Os aforismos lacanianos - entre outros, “a mulher não existe”, “não há relação sexual”, “o inconsciente é a política”, “não há Outro do Outro” -, decididamente exigem que o leitor coloque algo de si para entender o que declaram. Mesmo porque eles constituem “enunciados do impossível de dizer” (Iannini, 2013, p. 256). Esses ditos expressam uma das maneiras que tem Lacan para corresponder à sua constatação - também declarável em forma de aforisma - de que “só é possível semi-dizer (sic) a verdade”, dado que a “a verdade é não-toda”.
Nesse sentido, observa Iannini (2013, p. 257),
Lacan recorre à forma aforismática quando se trata de dizer, ou melhor, de semi-dizer, aquilo que aparece como impossível de dizer [...] (grifos do autor).
Os aforismas constituem, em todo caso, um recurso utilizado por Lacan de modo pontual, embora quase sempre em pontos nodais de articulação do seu discurso. Além disso, comenta Iannini (2013, p. 257), o próprio autor retoma seus principais aforismas e trata de decompôlos em paráfrases de discurso teórico, de modo a reinseri-los no fluxo de sua exposição.

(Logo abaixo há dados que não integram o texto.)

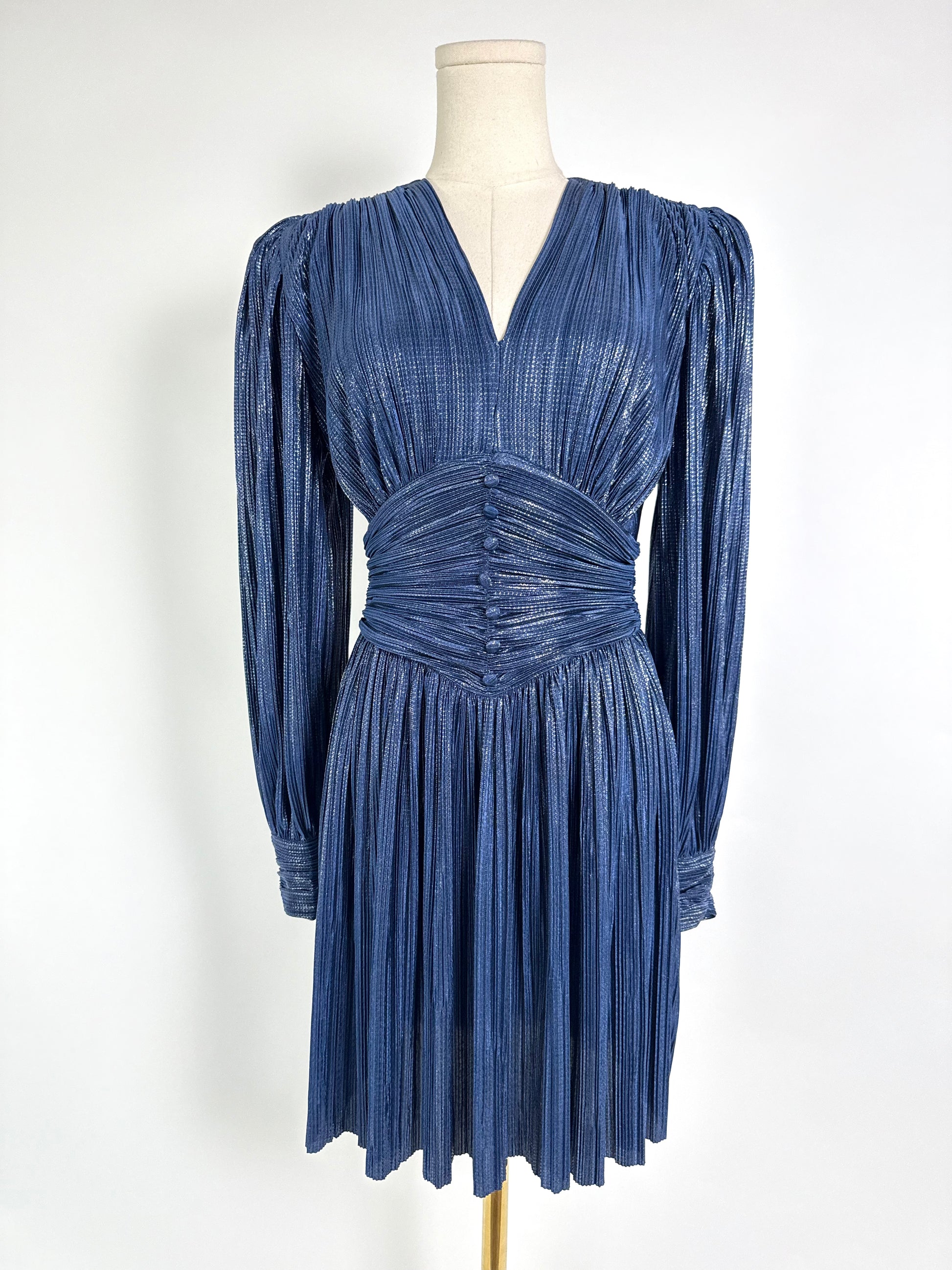 Elevate your evening with this stunning blue shimmer dress, designed for refined elegance. The tailored waist creates a flattering silhouette while long sleeves offer sophisticated coverage. Crafted with luxurious drape, this mini dress transitions seamlessly from cocktail events to upscale dinners. The subtle shimmer catches light beautifully, adding understated glamour to your wardrobe. A timeless piece that embodies modern luxury and impeccable style.

No que concerne à herança advinda da poética moderna, autores como Badiou identificam no torneio da frase lacaniana a influência da poesia de Mallarmé:
Era uma prosa teórica [a de Lacan], um estilo que combinava, justamente na própria prosa, os recursos do formalismo e os recursos de meu único mestre verdadeiro em matéria de poema, que era Mallarmé (Badiou, 2004 citado por Iannini, 2013, p. 258).
A respeito dessa aproximação, comenta Haroldo de Campos ([1989] 2010, p. 175):
O paralelo cabe à maravilha, já que, na esteira de Mallarmé, Lacan é também um syntaxier (um “sintaxista”), um exímio manipulador da sintaxe francesa até os seus extremos limites de diagramação frásica [...].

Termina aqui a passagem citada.